When you submit your personally identifiable information through wn.com, you are giving your consent to the collection, use and disclosure of your personal information as set forth in this Privacy Policy. If you would prefer that we not collect any personally identifiable information from you, please do not provide us with any such information. We will not sell or rent your personally identifiable information to third parties without your consent, except as otherwise disclosed in this Privacy Policy.
Except as otherwise disclosed in this Privacy Policy, we will use the information you provide us only for the purpose of responding to your inquiry or in connection with the service for which you provided such information. We may forward your contact information and inquiry to our affiliates and other divisions of our company that we feel can best address your inquiry or provide you with the requested service. We may also use the information you provide in aggregate form for internal business purposes, such as generating statistics and developing marketing plans. We may share or transfer such non-personally identifiable information with or to our affiliates, licensees, agents and partners.
We may retain other companies and individuals to perform functions on our behalf. Such third parties may be provided with access to personally identifiable information needed to perform their functions, but may not use such information for any other purpose.

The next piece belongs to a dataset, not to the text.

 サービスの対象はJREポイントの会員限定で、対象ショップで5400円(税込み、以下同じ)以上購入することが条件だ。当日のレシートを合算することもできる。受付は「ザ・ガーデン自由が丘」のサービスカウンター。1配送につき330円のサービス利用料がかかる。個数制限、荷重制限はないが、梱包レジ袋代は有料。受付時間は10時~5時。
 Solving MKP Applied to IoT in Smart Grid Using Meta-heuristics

In addition, we may disclose any information, including personally identifiable information, we deem necessary, in our sole discretion, to comply with any applicable law, regulation, legal proceeding or governmental request.
We do not want you to receive unwanted e-mail from us. We try to make it easy to opt-out of any service you have asked to receive. If you sign-up to our e-mail newsletters we do not sell, exchange or give your e-mail address to a third party.

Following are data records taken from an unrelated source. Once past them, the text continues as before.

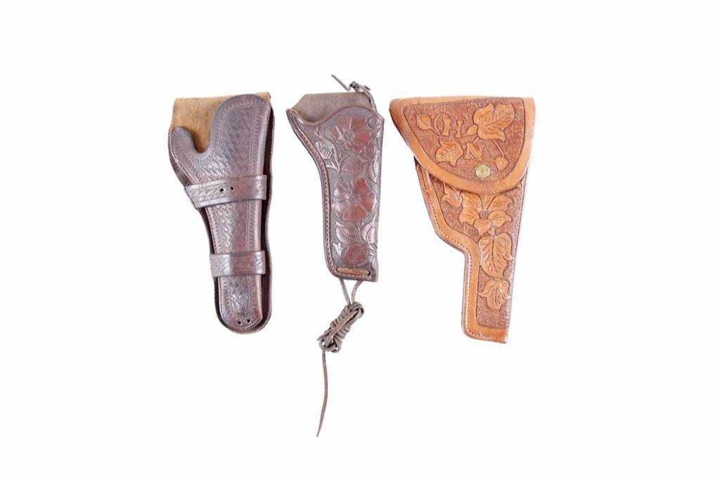 Collection of Three Leather Holsters Including a hand tooled leather flap holster initialed HN; a hand tooled holster made by W K D with floral design; and an early hand tooled leather pad reinforced revolver holster.Including a hand tooled leather flap holster initialed HN; a hand tooled holster made by W K D with floral design; and an early hand tooled leather pad reinforced revolver holster.
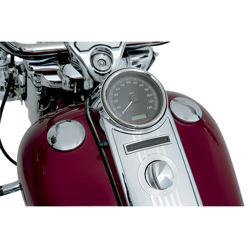 Chromed low-profile gas caps feature screw-in paint protectors and ratchet-action cap. Available in vented, non-vented, and dummy styles. Dummy cap replaces OEM fuel gauge.
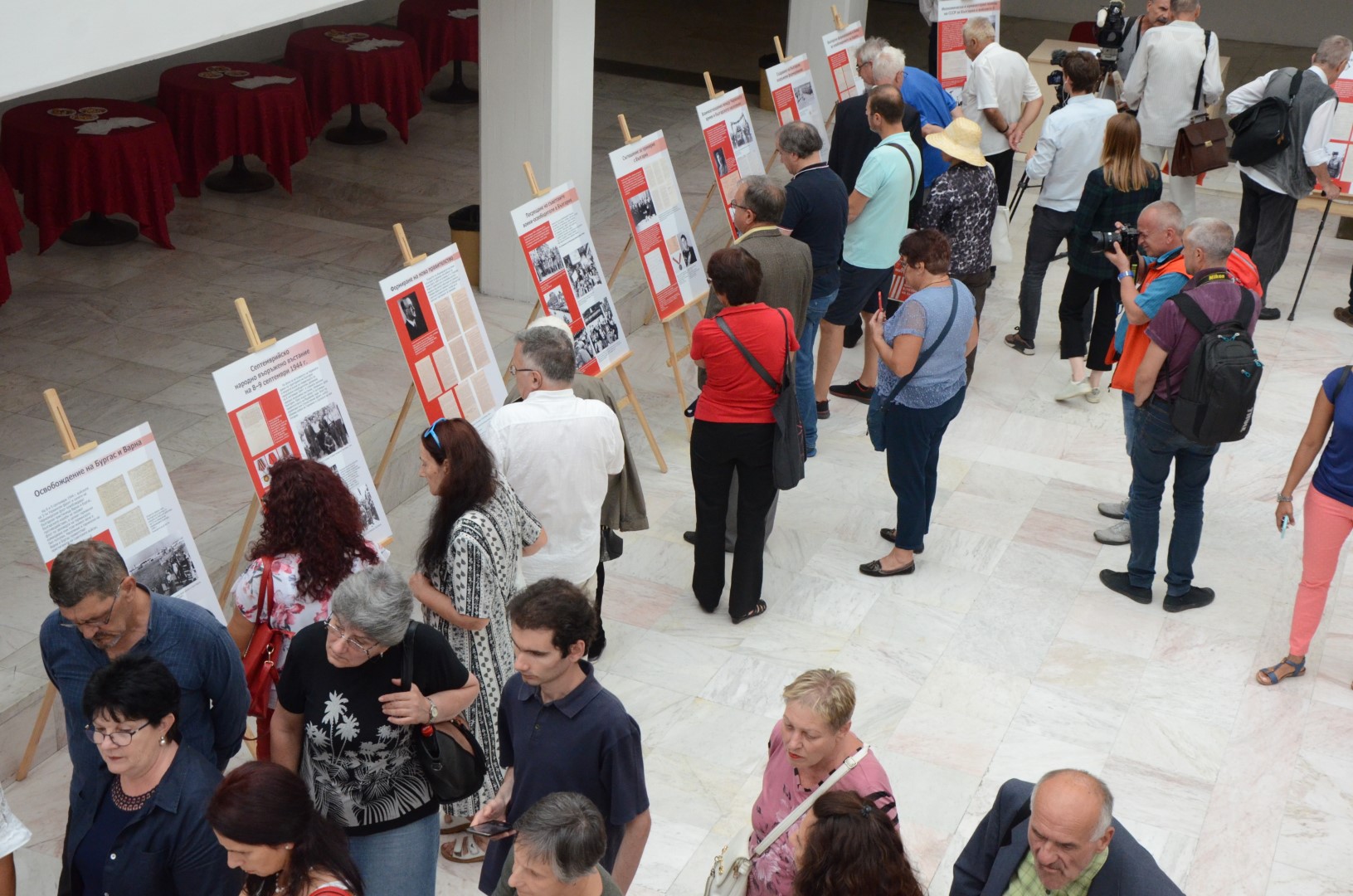 Някои си честитят „празника 9-и септември“. Мнозина са се наредили около експозиции в изложбата, маслени портети на руски военни и полесражения. А на долния етаж са изложени и поредица от пана с архивни документи за Втората световна война – от „пътя към Победата“ на Червената армия, нейната „подкрепа за освободителната борба на българския народ“, фотографии с тълпи, които посрещат съветските солдати с плакати: „Добре дошли освободители“ и „Слава на Червената армия“. Изложени са пропагандни афиши срещу нацизма и фашизма... а в края и кадри от съдебни процеси.
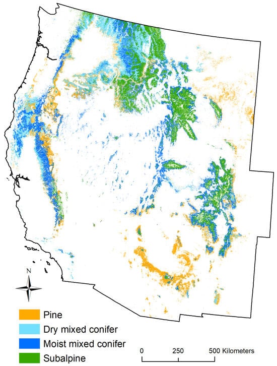 The estimated historical distribution and extent of these forests was identified by Landfire Biophysical Settings (BPS) maps from 2020 (https://landfire.gov/version_download.php, accessed on 4 April 2023). I used detailed descriptions [] to place Landfire Ecological Systems into these four forest types (Table S1). I used historical BPS Landfire maps rather than existing vegetation type (EVT) maps, because the focus is on areas that historically were in each type of forest, not just current forests; tree regeneration decline could still influence whether historical forests could recover, even if they are not currently mature forests due to alterations by disturbances. Nonetheless, it is unlikely that results using EVT maps would differ dramatically. Also, I assume here that no significant vegetation change occurs up to 2050, as it is beyond the feasible scope of this analysis and its focus to project future vegetation changes. To map the four historical forest types (Figure 2), I downloaded the Landfire 2020 BPS raster for the continental USA, then clipped it in ArcGIS Pro 3.1, using a polygon feature for the boundary of the 11 western USA states. All GIS work used the NAD 1983 Contiguous USA Albers projection. I added a field for forest type, coded from 1 to 4, and extracted rasters for each forest type. I calculated their areas, in hectares, by multiplying the count of pixels in each attribute table by 0.09 ha (30 m × 30 m pixels), although there is some change in pixel area with latitude. Dry pine forests covered 12,405,879 ha, dry mixed conifer forests covered 13,068,389 ha, moist mixed conifer forests covered 16,357,705 ha, and subalpine forests covered 14,356,199 ha (Table S1) for a total of 56,188,172 ha.
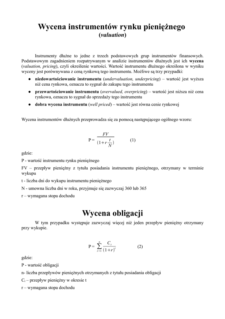 Wycena instrumentów rynku pieniężnego Wycena obligacji
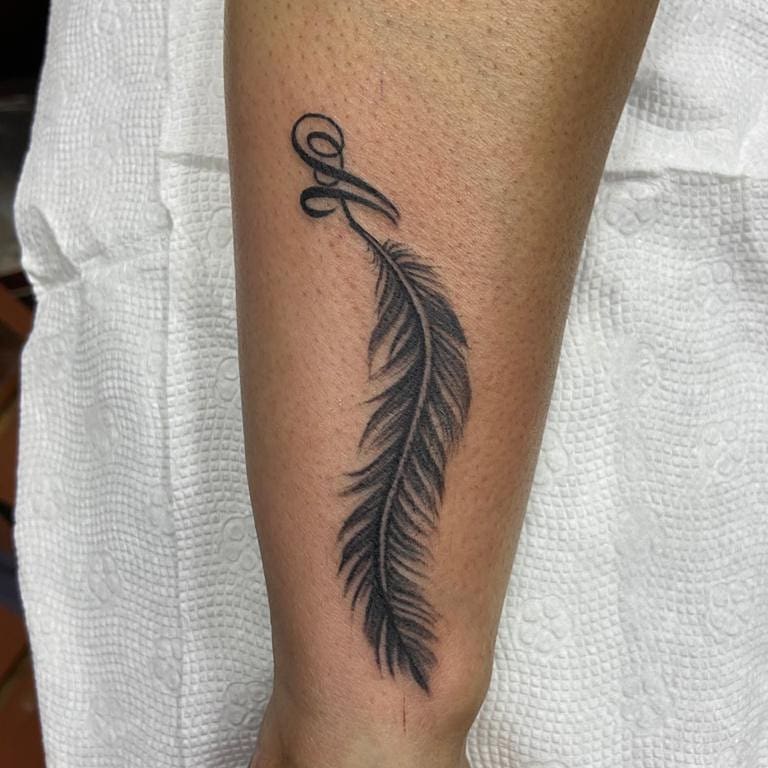 This sleek, black feather tattoo runs along the forearm with soft, natural shading that enhances its realistic look. The light and dark gradients give it depth, making the feather appear soft and weightless.

E-mail addresses are collected via the wn.com web site. Users have to physically opt-in to receive the wn.com newsletter and a verification e-mail is sent. wn.com is clearly and conspicuously named at the point of
collection.If you no longer wish to receive our newsletter and promotional communications, you may opt-out of receiving them by following the instructions included in each newsletter or communication or by e-mailing us at michaelw(at)wn.com
The security of your personal information is important to us. We follow generally accepted industry standards to protect the personal information submitted to us, both during registration and once we receive it. No method of transmission over the Internet, or method of electronic storage, is 100 percent secure, however. Therefore, though we strive to use commercially acceptable means to protect your personal information, we cannot guarantee its absolute security.
If we decide to change our e-mail practices, we will post those changes to this privacy statement, the homepage, and other places we think appropriate so that you are aware of what information we collect, how we use it, and under what circumstances, if any, we disclose it.

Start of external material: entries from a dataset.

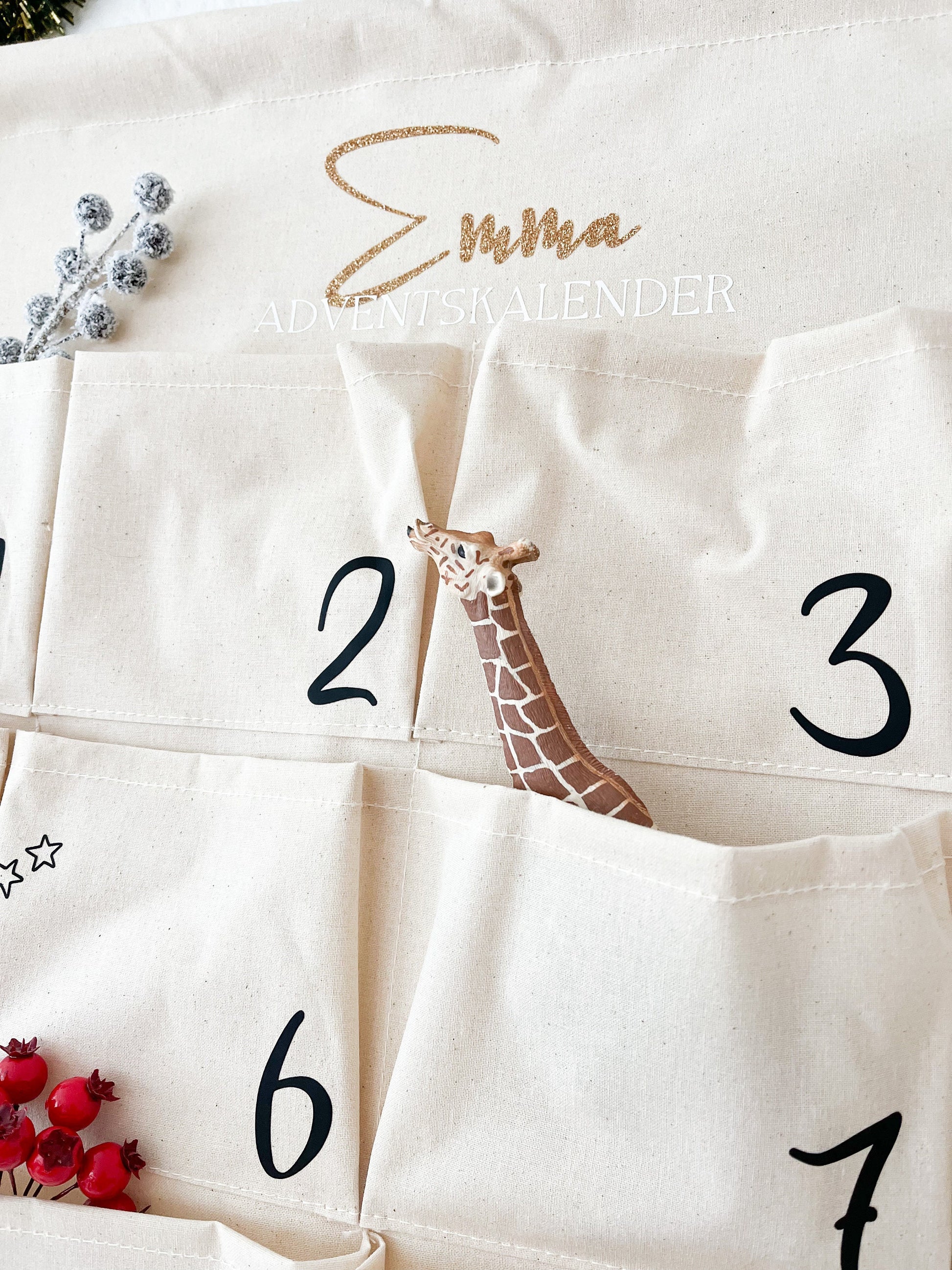 Der stabile Stoffkalender in neutralem Beige hat 24 leere Taschen zum Selbstbefüllen und Gestalten. Ideal für Familien mit mehreren Kindern – durch die Personalisierung gibt es keine Verwechslung. Du kannst die Farbe der Zahlen frei wählen, deinen Wunsch-Namen hinzufügen oder zusätzlich den Schriftzug „Adventskalender“ aufbringen.
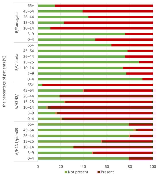 This study showed that among the study group, 242 patients had antibodies against A/Victoria/2570/2019 (H1N1)pdm09 (34.6% [31.1–38.1]) (the limits of the 95% confidence interval in square brackets). The largest group, i.e., the group with 566 patients (80.9% [78.0–83.8]), had antibodies against A/Darwin/9/2021 (H3N2) in their serum. Only 152 patients (21.7% [18.6–24.8]) had antibodies against B/Austria/1359417/2021 (B/Victoria lineage), while the antibodies against B/Phuket/3073/2013 (B/Yamagata lineage) were present in the sera of 442 patients (63.1% [59.5–66.7]).
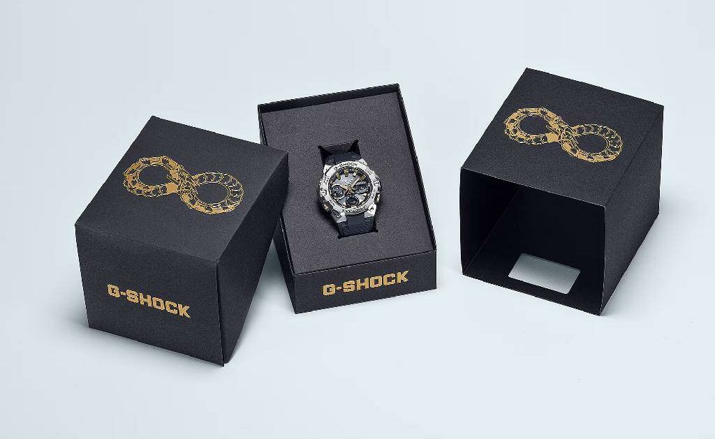 Коробка устройства еще больше отражает тему вечной змеи, символизирующей долголетие и процветание — качества, глубоко укоренившиеся в китайской культуре. Оснащенные функцией Bluetooth, часы синхронизируются с Casio Watches App, что позволяет получать уведомления, находить телефон и автоматически корректировать время.

If we make material changes to our e-mail practices, we will notify you here, by e-mail, and by means of a notice on our home page.
The advertising banners and other forms of advertising appearing on this Web site are sometimes delivered to you, on our behalf, by a third party. In the course of serving advertisements to this site, the third party may place or recognize a unique cookie on your browser. For more information on cookies, you can visit www.cookiecentral.com.
As we continue to develop our business, we might sell certain aspects of our entities or assets. In such transactions, user information, including personally identifiable information, generally is one of the transferred business assets, and by submitting your personal information on Wn.com you agree that your data may be transferred to such parties in these circumstances.